Some standard solutions to this problem are Nonlinear PCA, for example by using kernel methods.

None of these approaches take into account the orientation of our data. It does not matter in which order the data points \(x_i\) are collected and assembled into the data matrix \(D_X\): Assume we permute the data points, resulting in a permuted data matrix \(P D_X\), where \(P\) is a permutation matrix. Then we have \[ \Sigma_{P X} = \frac{1}{N} (P D_X)^T (P D_X) = \frac{1}{N} D_X^T P^T P D_X = \frac{1}{N} D_X^T D_X = \Sigma_X. \]

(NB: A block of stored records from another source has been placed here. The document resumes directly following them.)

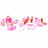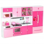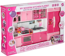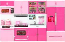 Setul include cuptor cu microunde și mașină de spălat vase, plită cu cuptor, vitrină cu chiuvetă și frigider cu sertar. Copiii se vor bucura de un scenariu complet de gătit, copt și făcut ordine.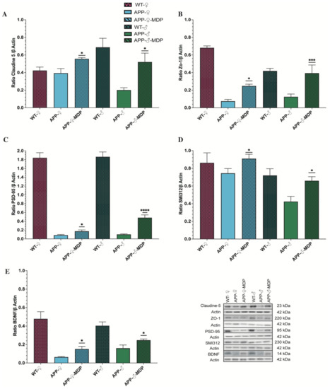 MDP prevents BBB degradation in males and females with conservation of pre- and postsynaptic factor. Western blot analysis of (A) Claudin-V, (B) ZO-1, (C) PSD-95, (D) SMI312, and (E) BDNF of the male or female wild-type and APPSwe/PS1 treatment or not with MDP groups. Data are mean ± SEM (n = 8 animals/group). * p < 0.05, *** p < 0.001, **** p < 0.0001 compared to sex-matched APPSwe/PS1 controls.
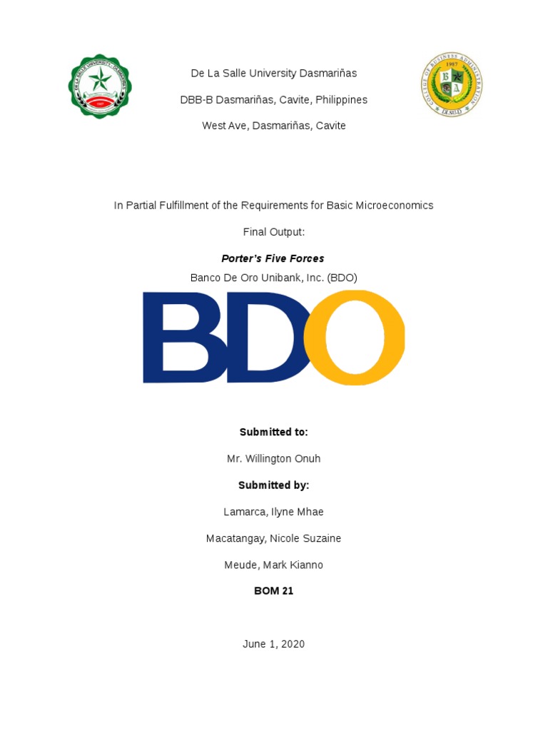 Trust Corporation (Metrobank) as its close competitors. BDO’s rivals are limited not only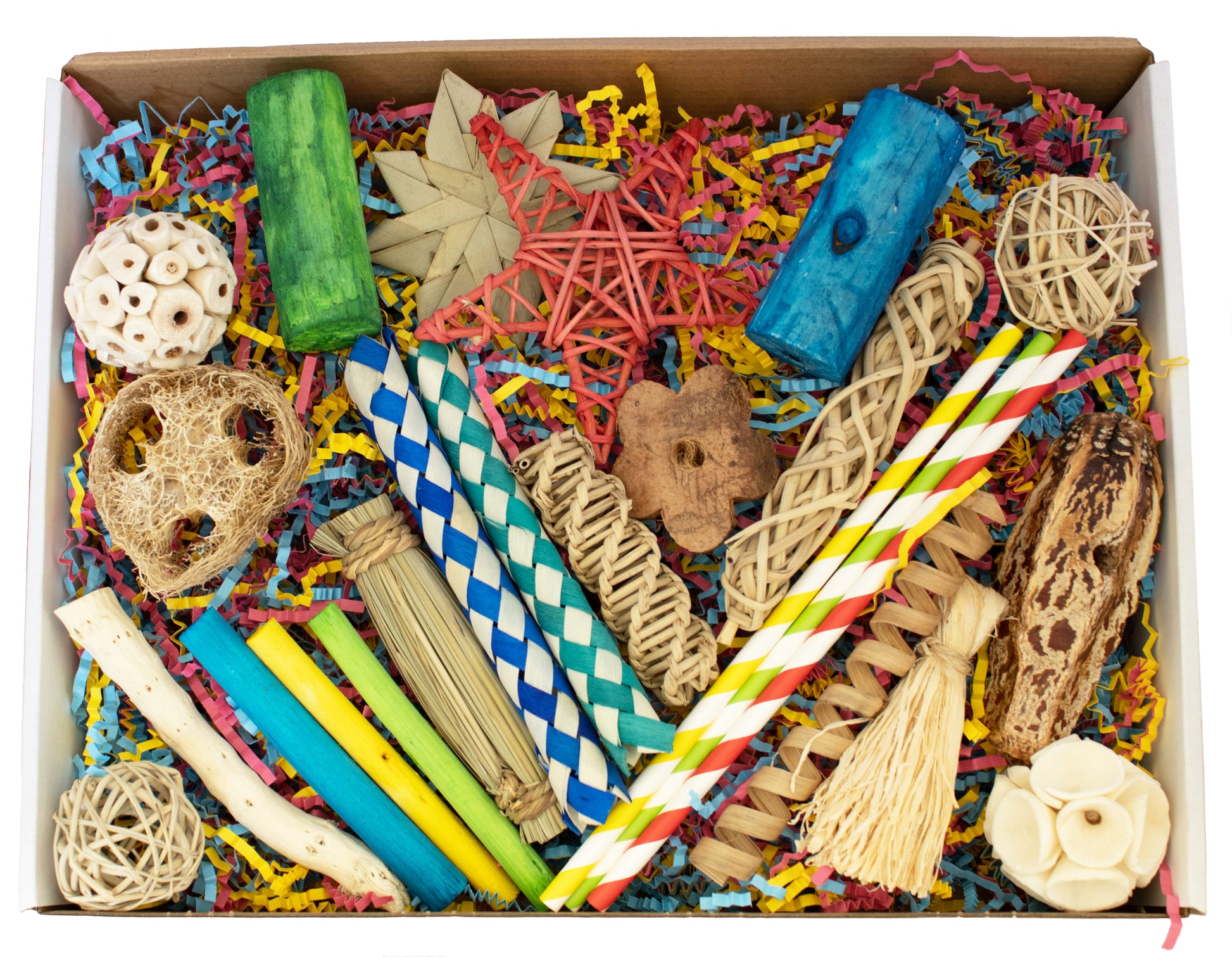 Includes over 30 toy parts in 20 different materials for birds to explore and enjoy including vine shapes, jute sticks, sola balls, palm flowers, sola stems, coconut slices, mahogany pods, and much more. Utilizing a diverse selection of stimulating materials, colors, textures, and shapes make Super Bird Creations toys of maximum interest to pet birds.

The geometry of imaginary eigenvalues

We get an obvious injection:

\[ \begin{aligned} \iota &: \mathbb{R}^3 \hookrightarrow \mathbb{H}, \\ \iota(x,y,z) &= xi + yj + zk. \end{aligned} \]

and so we can take the sampled data points \(x_i, \dots, x_N \in \mathbb{R}^3\) from the previous examples and embed them into \(\mathbb{H}^N\). We can now compute the auto-covariance matrix of the result as in the previous chapter and we can compute the eigenvalues of the resulting non-symmetric auto-covariance matrix.

Code

import quaternion

def iota(x, y, z):
    return x * quaternion.x + y * quaternion.y + z * quaternion.z

X1_quat = np.array([iota(*p) for p in X1])
cov_quat = X1_quat[:, np.newaxis] * X1_quat[np.newaxis, :]

Warning

TODO: here I am stuck on how I should best compute the eigenvalues of this matrix of quaternions using NumPy and on what the consequences of the resulting eigenvalues are for the geometry of the data.